More importantly, I want to disavow anyone thinking that frequency or the act of asking is the lever of success. People do not give because we ask. Creating a “journey” whose principle decisioning “tool” is how many times is like building a house based entirely on the number of windows.
There are lots of donors on your file – at least the mode if not plurality – who only give once per year. They won’t modify this behavior no matter how often you ask. Check that, they may quit giving entirely if it becomes too annoying.
If you could get the average gift per donor on your file to be 2x you’d be a rockstar as would your charity. Does anyone think the path to get there is increase the number of asks in an increasing number of channels? What about a dedicated effort to ask people to auto-renew for their 1x gift per year for all those who have already demonstrated this is their preference? In exchange, you stop all the other soliciting.

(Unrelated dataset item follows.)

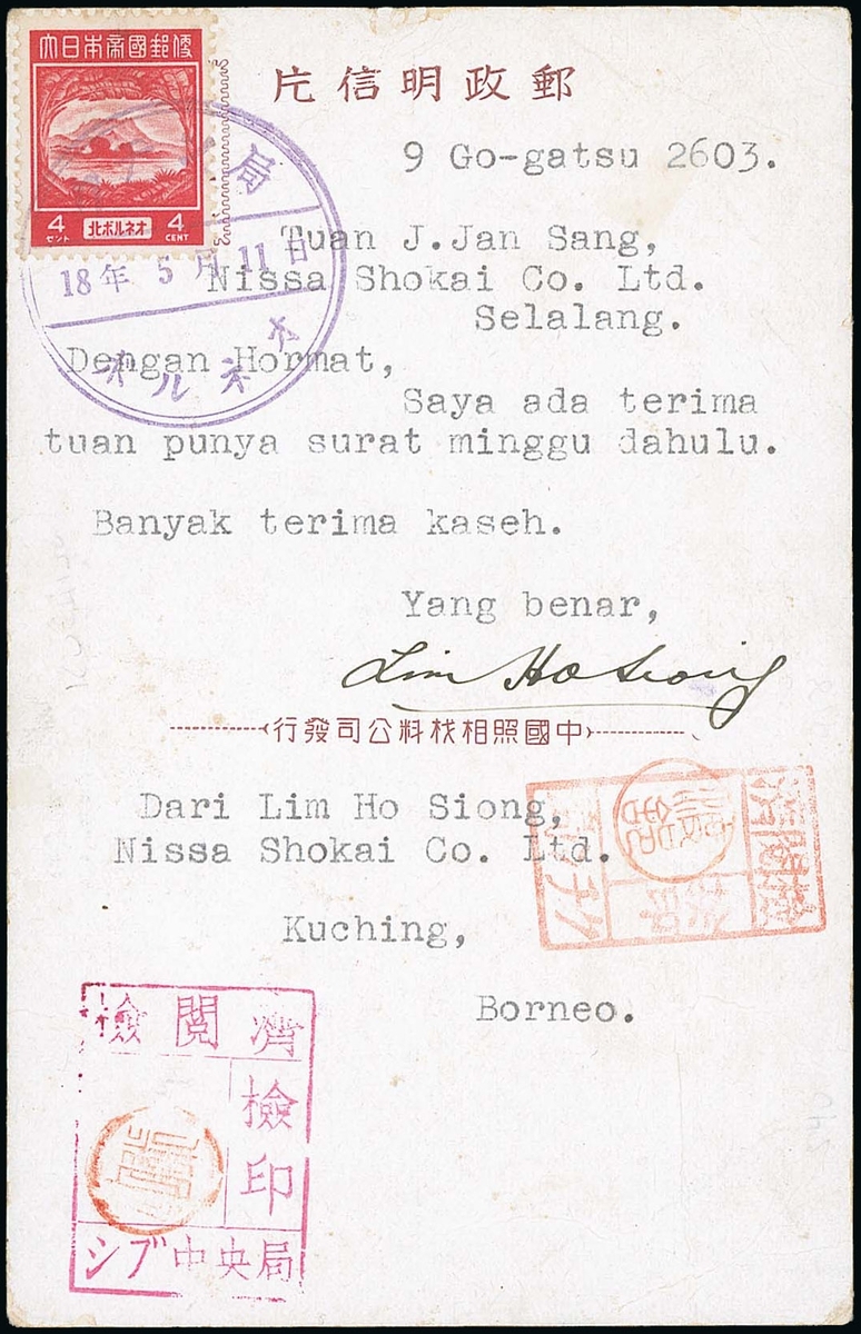 1943 (11 May) Japanese picture postcard (view of Amoy) bearing 1943 Pictorial 4c. tied by Kuching Japanese type c.d.s. in violet (Type JD1) and showing two different censor chops; the card with light corner crease which affects the adhesive. B.P.A. Certificate (2017). Photo

Some cohort will certainly consider going from 1x to 2x per year on auto-renew, especially newer folks who haven’t established a behavioral pattern with you yet.
More important than all this, there is science around ‘cadence’ (pulsing, not always one) and ‘channel’ (modality really, 3 to 4 modes per “on” period if pulsing) that must be factored in to journey development and lastly, puttting everyone into one size fits all messaging rather than messaging to their motivation is like building that same house, determined by windows, to everyone.
Good points, and thanks for the clarity. Truly one size never fits all and plenty of our patrons have let us know they prefer one appeal per year, which we honor. I’m also thinking back to your post on the Awareness Problem, and agree that we need to be in front of our prospects simply to remind them of the need and how they can help. So I feel a bit more versus a bit less ensures we are in front of the vast majority of our prospects when they are ready to give – share of wallet follows share of mind, right?
hi Tom, yes share of wallet does follow share of mind and agree that most of the value of every single appeal or communication or ad is about brand building, which is mostly a function of creating distinct mental associations. The challenge for most charities, big and small, is that they are only marketing, advertising and fundraising to a very tiny subset of the “in-market” audience because of list swap, co-op modeling, uploading of names to create look-alikes and all the other machinations that have us taking in each other’s dirty laundry.
This may be a valuable study for the larger nonprofits that have a communications department and a fundraising team and are already sending out lots and lots of messages. Yet there are thousands of small-to-medium-size nonprofits that have neither, and they send out “asks” once or twice a year. For them, more is more, as long as they are sending out letters, emails, etc., that donors and prospects actually want to read!